虽然您提供的代码可以完成工作,但最好将并发流拆分到不同的协同程序上并再次使用 asyncio.gather:

import asyncio
import aiohttp


async def request(url):
    async with aiohttp.ClientSession() as session:
        async with session.get(url) as resp:
            return await resp.text()


async def get_ip():
    return await request('http://httpbin.org/ip')

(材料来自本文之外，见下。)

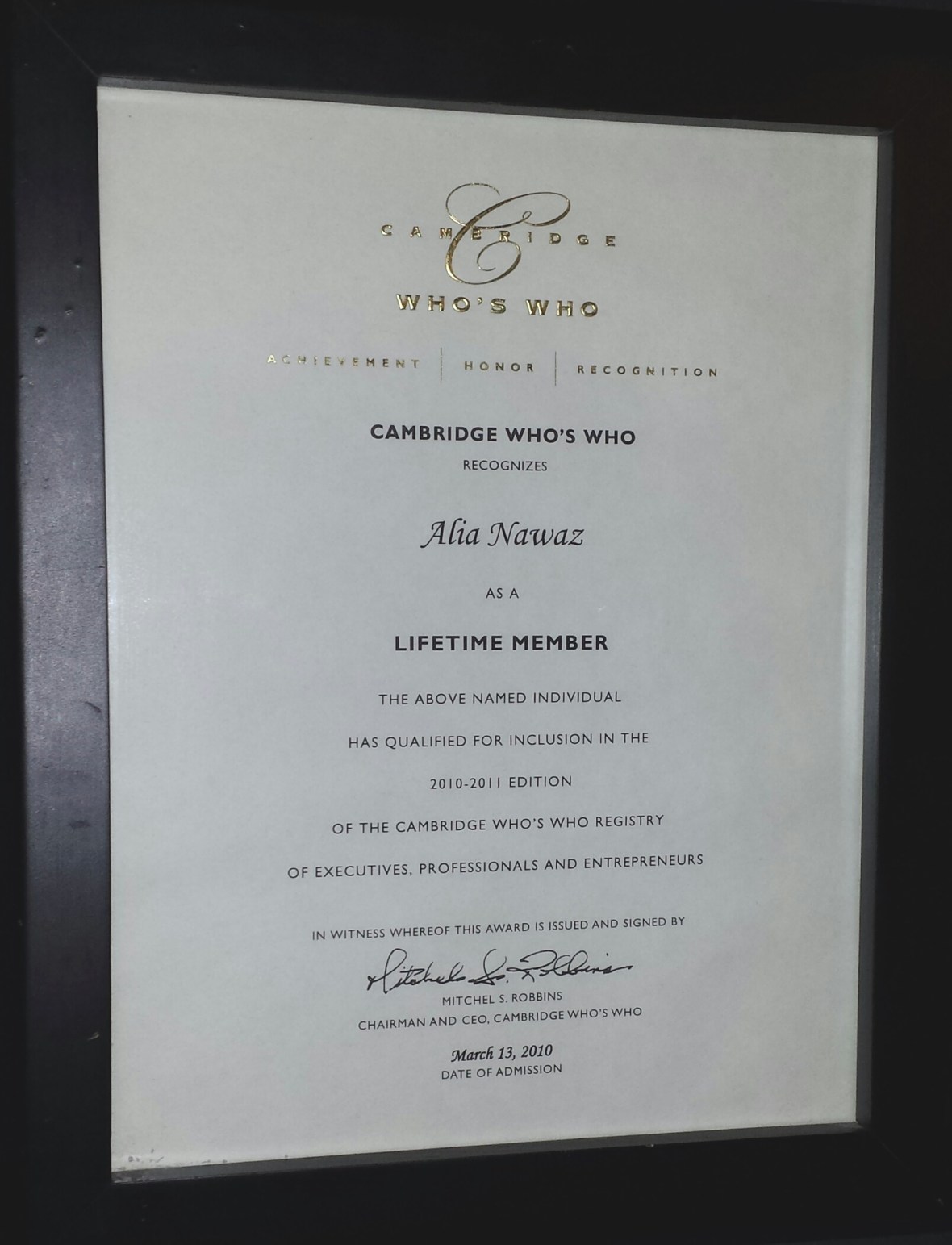 Selected “VIP member of the year” (2010-2011) in Cambridge who’s who, is recognized as a mark of Excellence Honour and Achievement” among Executives, Professionals and Entrepreneurs also inclusion in the directory
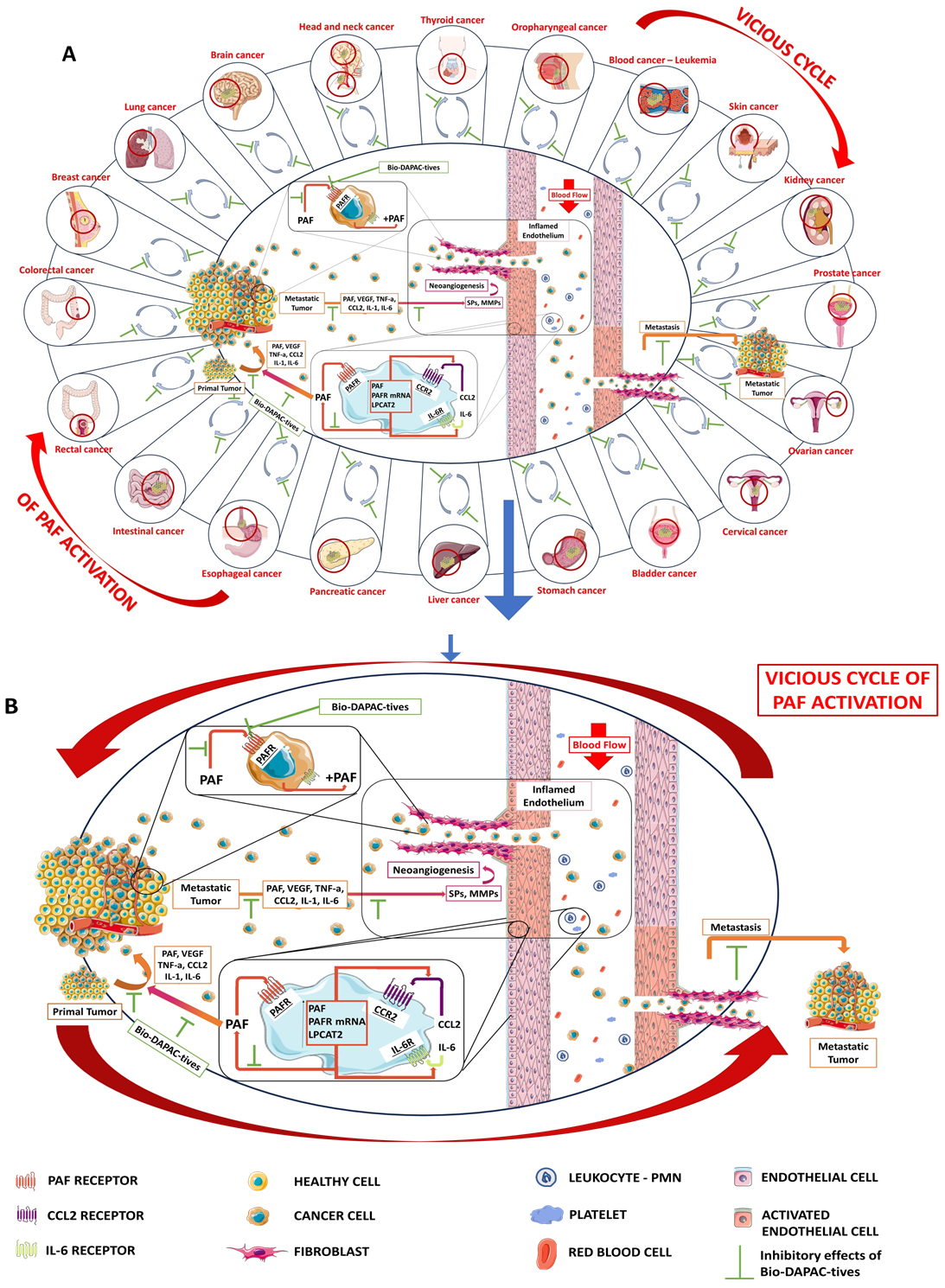 Platelet-activating factor (PAF) [15] is the most potent lipid inflammatory mediator that is implicated in chronic inflammatory manifestations involved in chronic disorders, including tumor formation and progression, through an interplay of its signaling with several cancer-related inflammatory cytokines and chemokines [1, 2]. A typical PAF molecule structure is generally known as 1-O-alkyl-2-acetyl-sn-glycero-3-phospho-choline [15], while other polar lipids and other molecules with similar structure and activity to those of PAF also exist. PAF and several PAF-like molecules are involved in many cancer-related pathological processes including angiogenesis, tumorigenesis and metastasis. A continuous inflammatory activation due to chronic or acute infections, environmental contributors, and lifestyle factors, is associated with the development of several cancer types, tumorigenesis, tumor growth and metastasis, with belligerent clinical features [16, 17]. Chronic inflammation specifically, induces carcinogenesis via reactive oxygen and nitrogen species, cytokines, PAF and prostaglandins, leading to neoplastic transformation, cancer promotion, and recurrence even after therapy. Notably, tumor cells themselves can initiate and propagate such PAF-associated inflammatory conditions that will further promote tumor development, and neo-angiogenetic and metastatic procedures [1, 2]. Therefore, systemic inflammation poses one of the predominant cancer-related mortality etiology [17, 18].
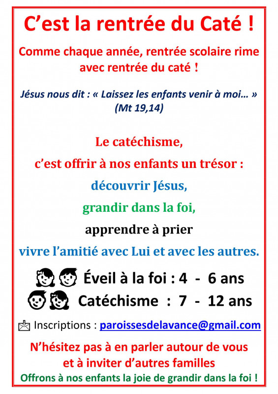Comme chaque année, rentrée scolaire rime avec rentrée du caté !
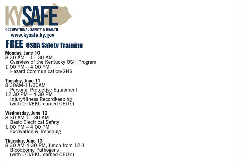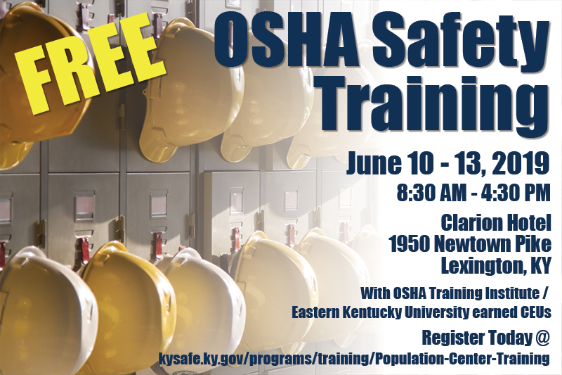 FRANKFORT, Ky. (May 14, 2019) – Free OSHA Safety Training is coming to the Lexington, KY area on June 10-13, 2019. Classes will be held 8:30am - 4:30pm each day. These free classes will be located at the Clarion Hotel, 1950 Newtown Pike, Lexington, KY. For more information and to register for this free training event, please click here.
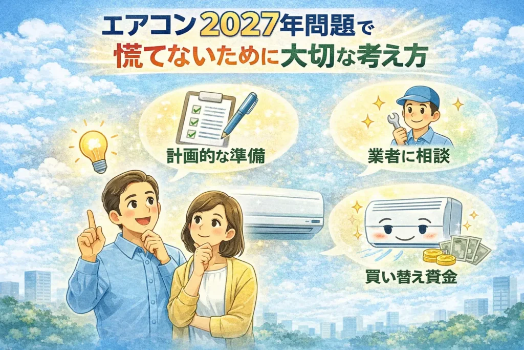 このように整理しておけば、「エアコン2027年問題」という言葉に振り回されず、自分に合ったタイミングで冷静に判断しやすくなります。

async def post_from_get():
    async with aiohttp.ClientSession() as session:
        async with session.get('http://httpbin.org/get') as resp:
            get_res = await resp.text()
        async with session.post('http://httpbin.org/post', data=get_res) as resp:
            return await resp.text()


async def main():
    results = await asyncio.gather(
        get_ip(),
        post_from_get(),
    )
    print(len(results))


loop = asyncio.get_event_loop()
try:
    loop.run_until_complete(main())
    loop.run_until_complete(loop.shutdown_asyncgens())
finally:
    loop.close()

Is it true that normally developers have to think what coroutines should become separate tasks and use aforementioned functions to gain optimal performance?

由于您使用 asyncio,您可能希望 运行 同时执行一些作业以提高性能,对吧? asyncio.gather 是一种表达方式 - "run these jobs concurrently to get their results faster".

如果您不必考虑应该 运行 同时执行哪些作业来获得性能,您可能可以使用简单的同步代码。

Is there a point in using coroutines without multiple tasks in event loop?

在您的代码中,如果不需要,您不必手动创建任务:此答案中的两个片段都不使用 asyncio.ensure_future。但在内部 asyncio 不断使用任务(例如,正如您所说 asyncio.gather 使用任务本身)。

How "heavy" are event loop tasks in real life? Surely, they're "lighter" than OS threads or processes. To what extent should I strive for minimal possible number of such tasks?

异步程序的主要瓶颈(几乎总是)网络:您根本不必担心异步程序的数量 coroutines/tasks。